There are many commands and utilities to a rename bunch of files. However, let’s focus on the most used command for that proposal. And also how to rename files with regex.

mmv Linux Command

The mmv command is applied to copy folders, move, add and rename files in bulk using conventional wildcards in Linux/Unix-like operating systems. To install it on Ubuntu, Mint, Debian, you can run the command below:

sudo apt-get install mmv

For example, you have the following files in your current directory.

picture-year-1.png picture-year-2.png picture-year-3.png ... picture-year-100.png

And you need to rename all files that start with the word “year” to “2021”. 

I have sure that you don’t want to do it manually because we have 100 pictures in that folder. With the mmv command, it’s easy and straightforward.

Reame file append date on Linux

To rename all files starting with the word “year” to “2021”, just run:

mmv picture-year\* picture-2021\#1

To verify if the files have been renamed or not.

picture-2021-1.png picture-2021-2.png picture-2021-3.png ...


Let’s go deep, what this command did —the first argument (picture-year\*) is the pattern that we are looking for.

The second parameter is an argument that we would like to replace ( picture-2021\#1 ). 

So, mmv will scan for any filenames starting with the word ‘picture-year’ and rename the matched files according to the second argument we are trying to replace. Also, the wildcards, such as ‘*,’ ‘?’ and ‘[]’, were used to meet one or more random characters. Please be careful that you must escape the wildcard characters; oppositely, they will be extended by the shell, and mmv won’t recognize them.

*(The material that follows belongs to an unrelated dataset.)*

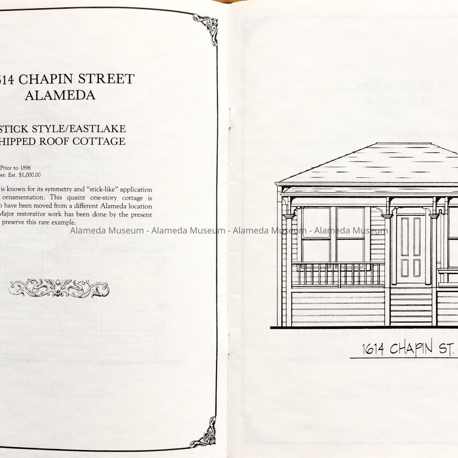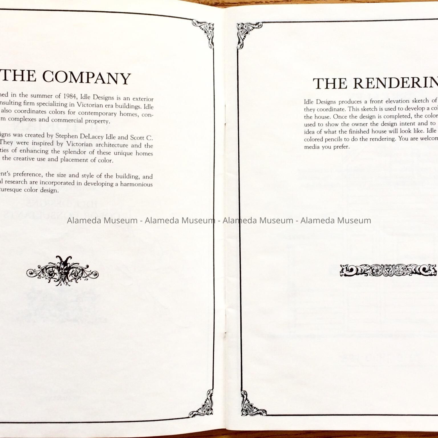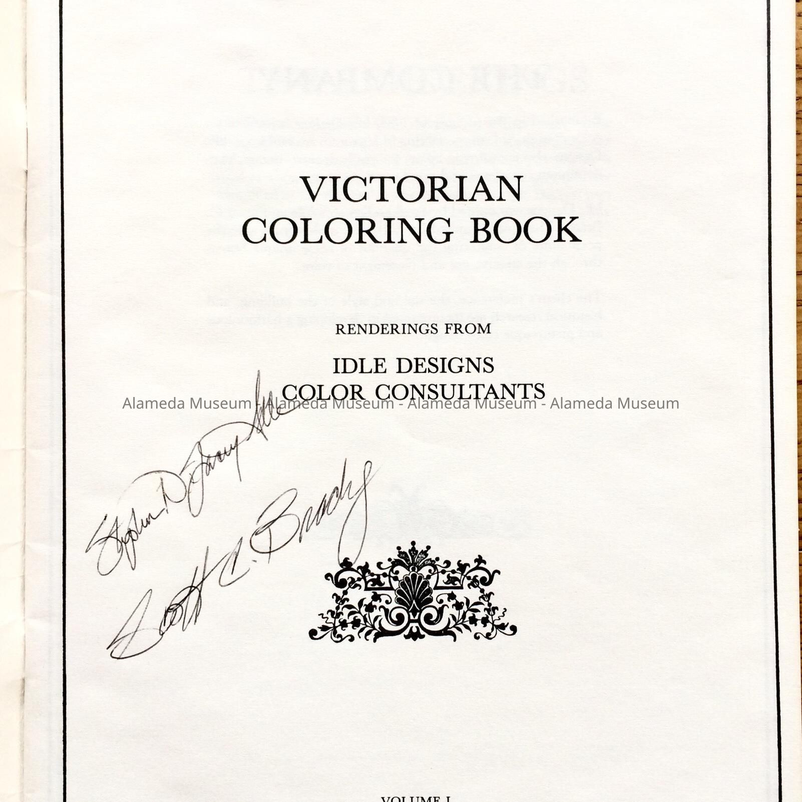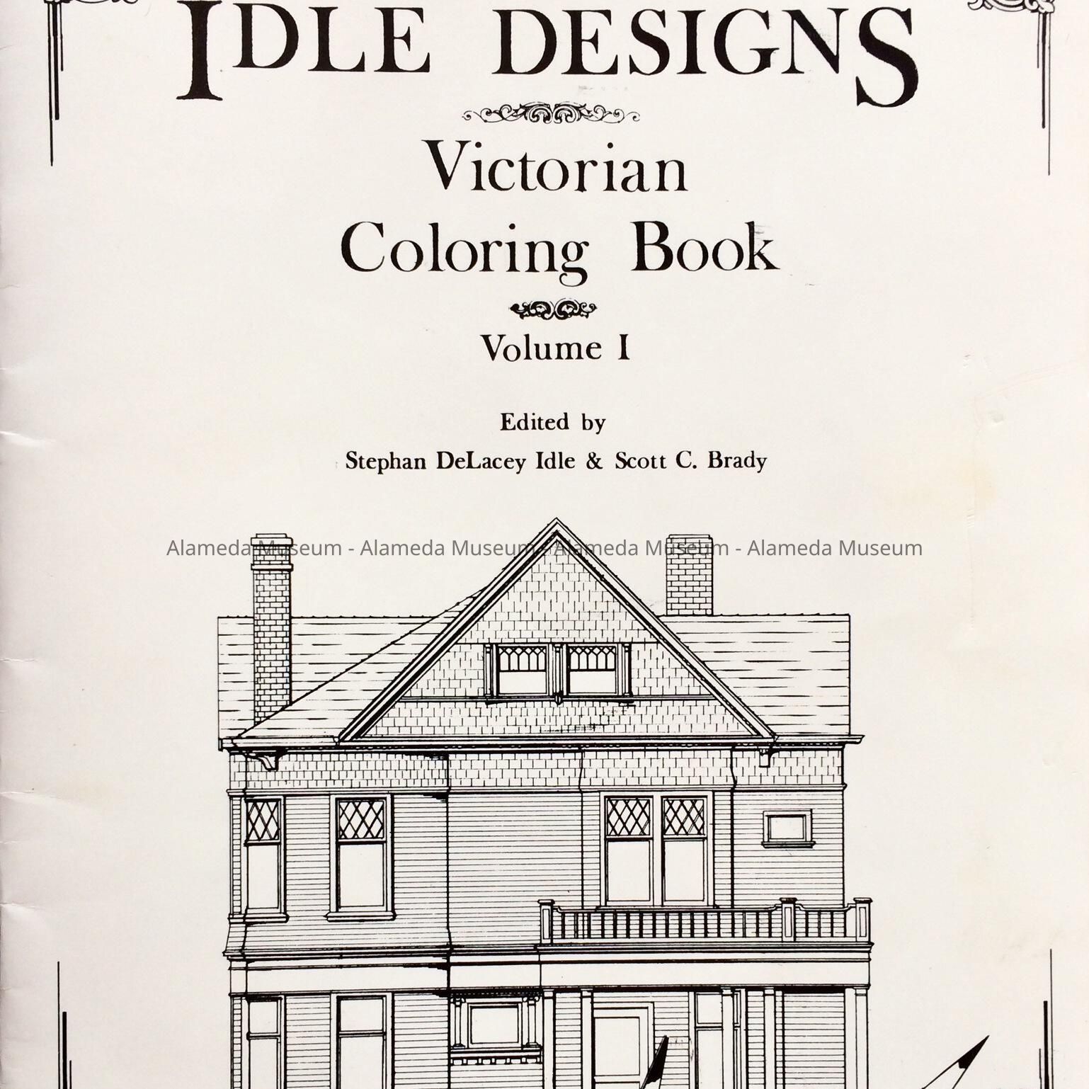 HISTORY OF OBJECT: A COLORING BOOK ILLUSTRATED BY THE AUTHORS, STEPHEN IDLE AND SCOTT BRADY, FEATURING LINE DRAWINGS OF VARIOUS VICTORIAN HOMES IN ALAMEDA. EACH HOUSE IS ANNOTATED WITH THE ARCHITECTURAL DESCRIPTION AND CONSTRUCTION DATE, AS WELL AS ADDRESSES.

Regarding the ‘#1′ in the is a wildcard index. It meets the first wildcard located in the first argument pattern. For example, if we have ‘#2′, that would match with the second wildcard and so on. In other words, if we have only one wildcard (*), because of that, we use #1. 

Furthermore, the hash sign should be escaped too. 

Another example, it’s possible to rename all files with a specific extension to another extension. Like, to rename all .data files to .json file format in the current directory, simply run:

mmv \*.data \#1.json

Let’s see a second example. Let us assume you have the following files.

new1.png new2.png new3.png

And you need to replace the first appearance of new with old in every file in the current folder. To accomplish that, it’s super easy:

mmv '*new*' '#1old#2'
old1.png old2.png old3.png


So, you learned several ways of renaming folders on Linux, the common with “mv” command. All new users that are starting on Linux should know at least the mv command.

Also, like many commands on Linux, we can combine multiples commands to achieve a single goal. To rename the folder, it’s possible to use the “mv” with “find” to give us more versatility and power.